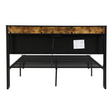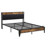 Features: Materials: black powder-coated steel frame & slats, MDF board with melamine surface, PU leather upholstery, foam padding Includes: 1 x bed frame, 1 x assembly manual, 1 x hardware pack Practical design & strong support bed frame A retro-style bed frame that looks classic & elegant, it is easy to match your room perfectly With a one-tier storage headboard to hold small items such as phones, glasses, & decorations High-quality, sturdy, waterproof & scratch-resistant MDF board The headboard also comes with PU leather & foam padding Black metal support feet Heavy-duty metal connectors Steel slats prevent sagging, it is strong enough & can provide your mattress with a load-bearing capacity of 240kg With a charging station, the built-in power strip on the headboard has two outlets, one USB port & one Type C port Easy to assemble & everything is included in the package; no additional tools are required
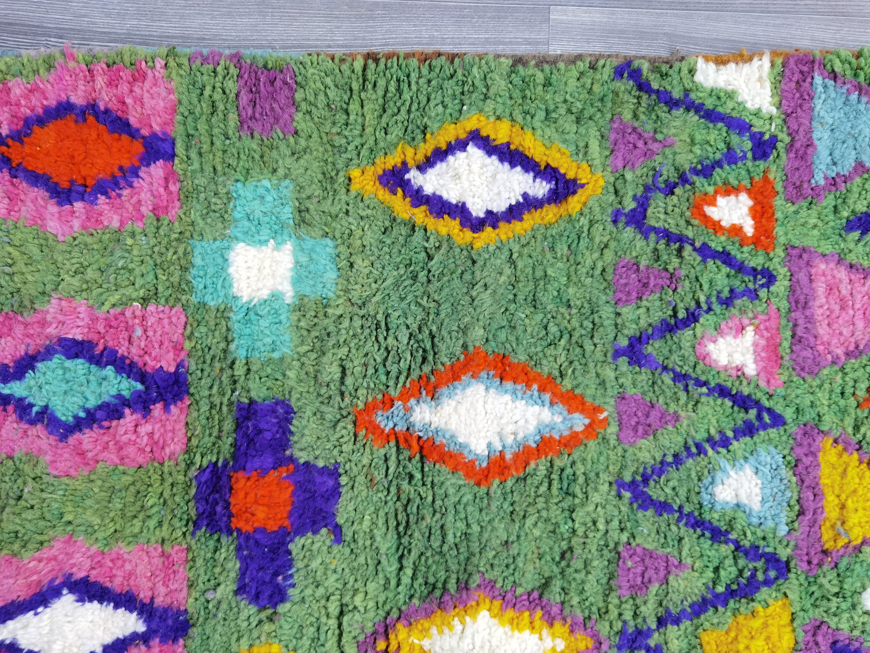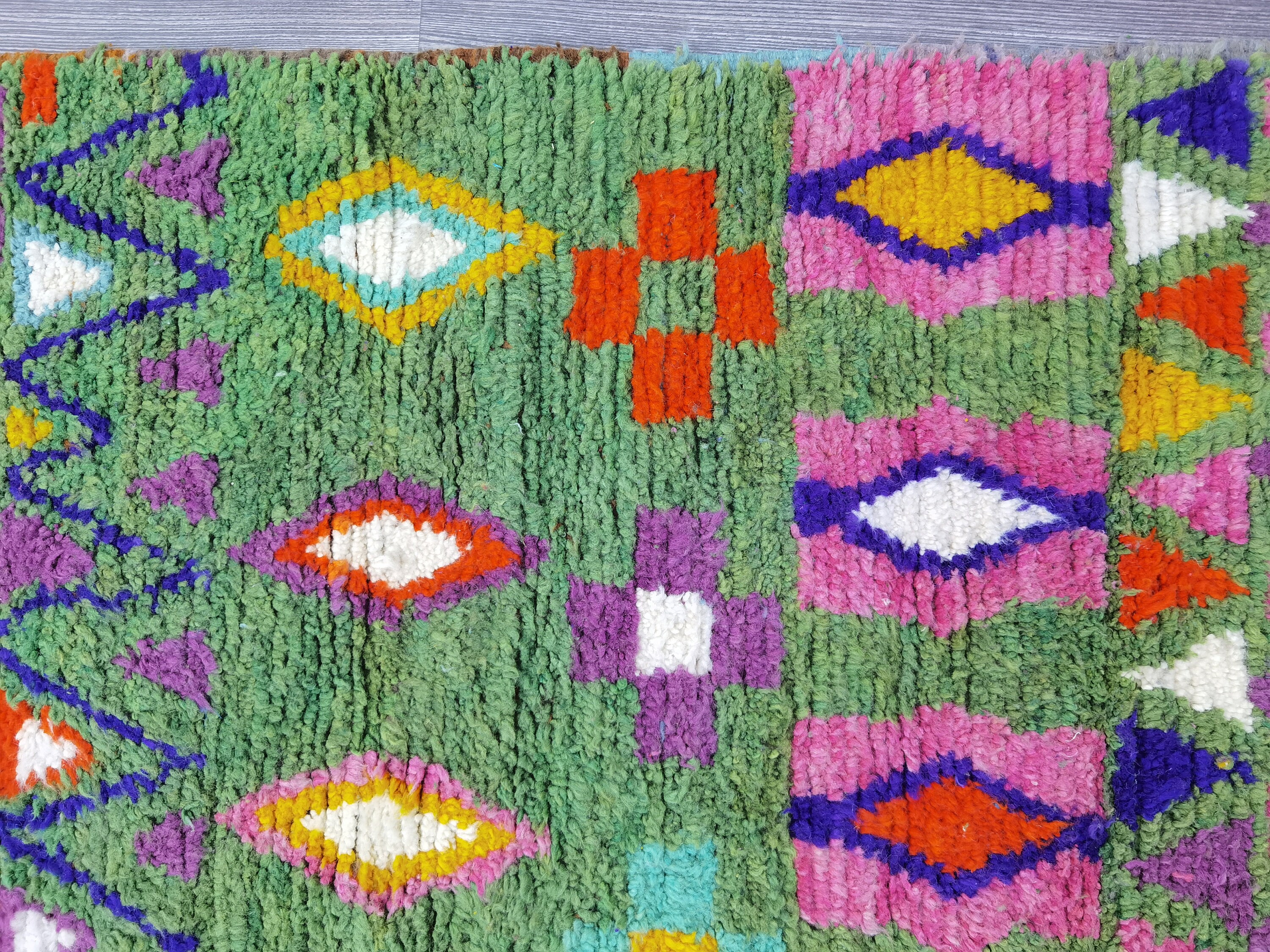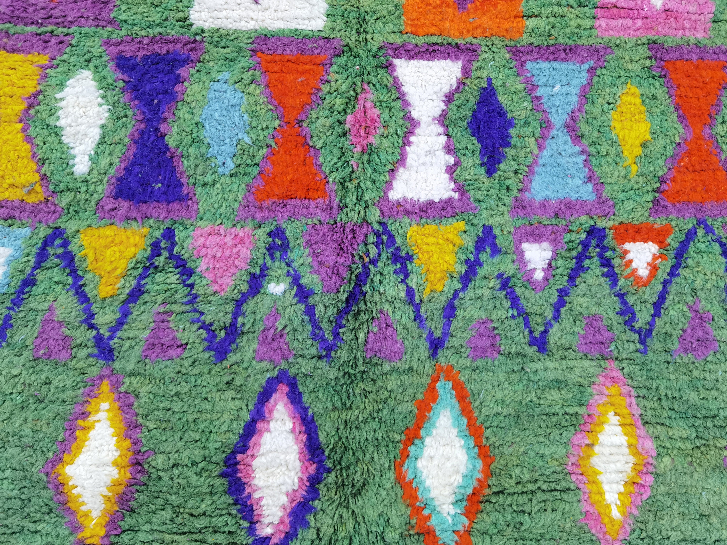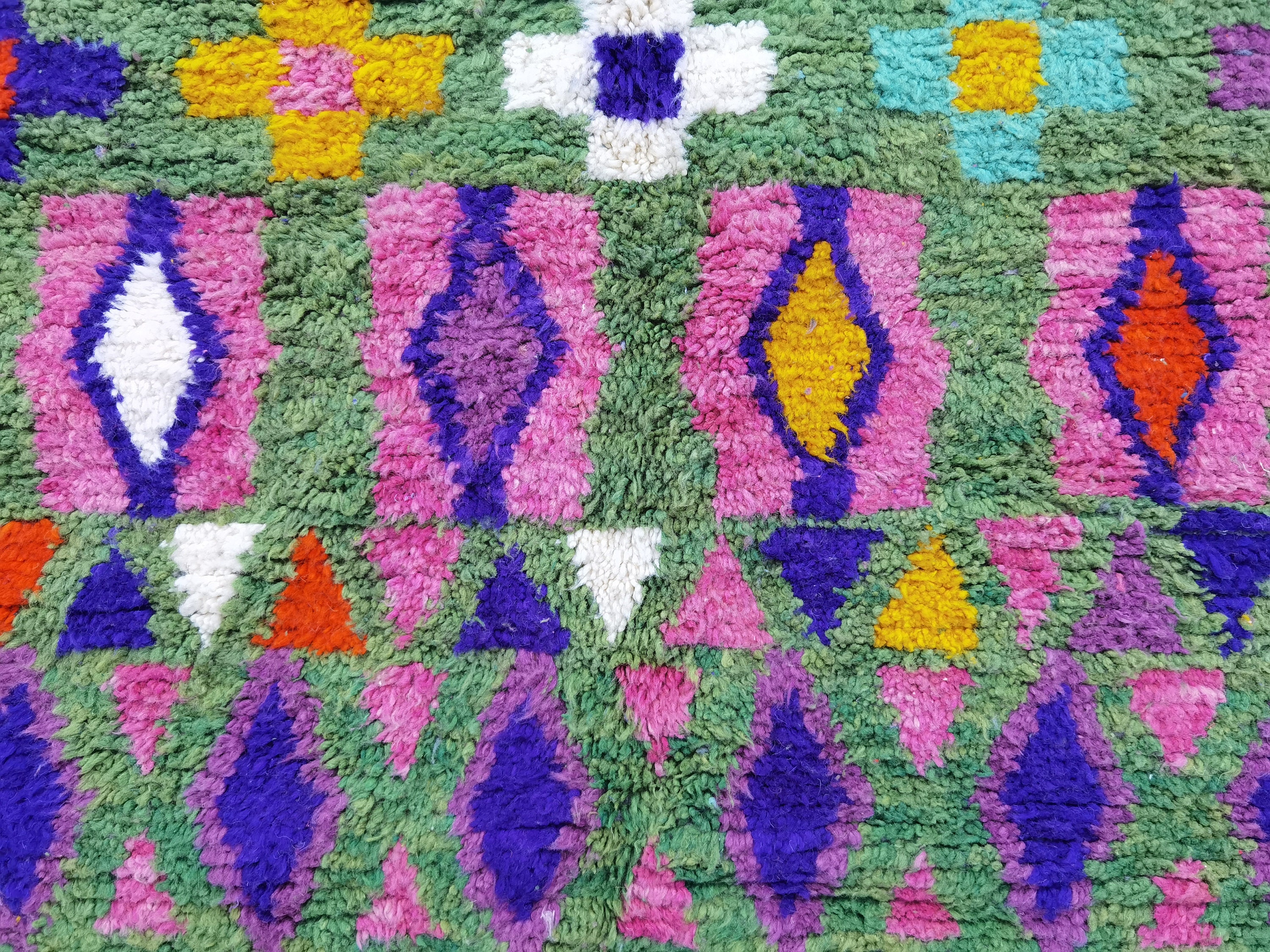 This unique Handwoven Moroccan Boujaad wool rug is one of a kind. A unique rare artistic handmade art, a beautiful combination of colors. which makes it the best choice whether for your house or your showroom. The famous Boujaad rug is now on the cover of the world’s leading home decoration magazines. This rug with character goes perfectly with all interior styles, Bohemian, Modern, Minimalist, Scandinavian, Traditional, which makes it the best choice for your needs.
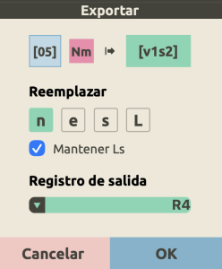 Por último, para exportar una fila de elementos de la calculadora a tu composición, primero selecciona la fila deseada. Comprueba que la fila en cuestión tiene asignado el elemento al que quieres exportar la secuencia (puedes verlo en la propia fila). Después selecciona un segmento de una voz o toda la voz, y clica el botón de exportar

= = =

◆ EXERCISE DETAILS: The data shown above must be printed again exactly, with no images included.

◆ TASK OUTPUT:
 Features: Materials: black powder-coated steel frame & slats, MDF board with melamine surface, PU leather upholstery, foam padding Includes: 1 x bed frame, 1 x assembly manual, 1 x hardware pack Practical design & strong support bed frame A retro-style bed frame that looks classic & elegant, it is easy to match your room perfectly With a one-tier storage headboard to hold small items such as phones, glasses, & decorations High-quality, sturdy, waterproof & scratch-resistant MDF board The headboard also comes with PU leather & foam padding Black metal support feet Heavy-duty metal connectors Steel slats prevent sagging, it is strong enough & can provide your mattress with a load-bearing capacity of 240kg With a charging station, the built-in power strip on the headboard has two outlets, one USB port & one Type C port Easy to assemble & everything is included in the package; no additional tools are required
 This unique Handwoven Moroccan Boujaad wool rug is one of a kind. A unique rare artistic handmade art, a beautiful combination of colors. which makes it the best choice whether for your house or your showroom. The famous Boujaad rug is now on the cover of the world’s leading home decoration magazines. This rug with character goes perfectly with all interior styles, Bohemian, Modern, Minimalist, Scandinavian, Traditional, which makes it the best choice for your needs.
 Por último, para exportar una fila de elementos de la calculadora a tu composición, primero selecciona la fila deseada. Comprueba que la fila en cuestión tiene asignado el elemento al que quieres exportar la secuencia (puedes verlo en la propia fila). Después selecciona un segmento de una voz o toda la voz, y clica el botón de exportar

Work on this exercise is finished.